Personal information
- Born: 28 November 1990 (age 35) Ōnojō, Fukuoka Prefecture, Japan^{[citation needed]}

Sport
- Country: Japan
- Sport: Athletics
- Event: Race walking

Medal record
Representing Japan
Men's athletics
World Championships
| Bronze medal – third place | 2025 Tokyo | 35 km walk |
World Team Championships
| Gold medal – first place | 2026 Brasília | Marathon walk |
| Gold medal – first place | 2026 Brasília | Marathon walk (team) |
Asian Games
| Gold medal – first place | 2018 Jakarta | 50 km walk |
| Gold medal – first place | 2026 Aichi–Nagoya | Marathon walk |

= Hayato Katsuki =

Japanese racewalker (born 1990)

Hayato Katsuki (勝木隼人, born 28 November 1990) is a Japanese racewalker.

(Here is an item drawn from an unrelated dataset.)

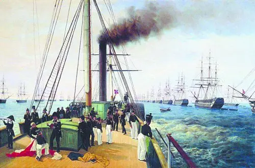 Смотр Балтийского флота Николаем I. Алексей Боголюбов. 1848. Точно так же Николай I провожал эскадру в средиземноморскую экспедицию в 1827 году

In 2018, he won the gold medal in the men's 50 kilometres walk event at the 2018 Asian Games held in Jakarta, Indonesia.

==Career==
At the 2018 IAAF World Race Walking Team Championships he won two medals: the silver medal in the men's 50 km event and the gold medal in the men's 50 km team event. In 2019, he competed in the men's 50 kilometres walk event at the 2019 World Athletics Championships held in Doha, Qatar where he finished in 27th place with a time of 4:46:10.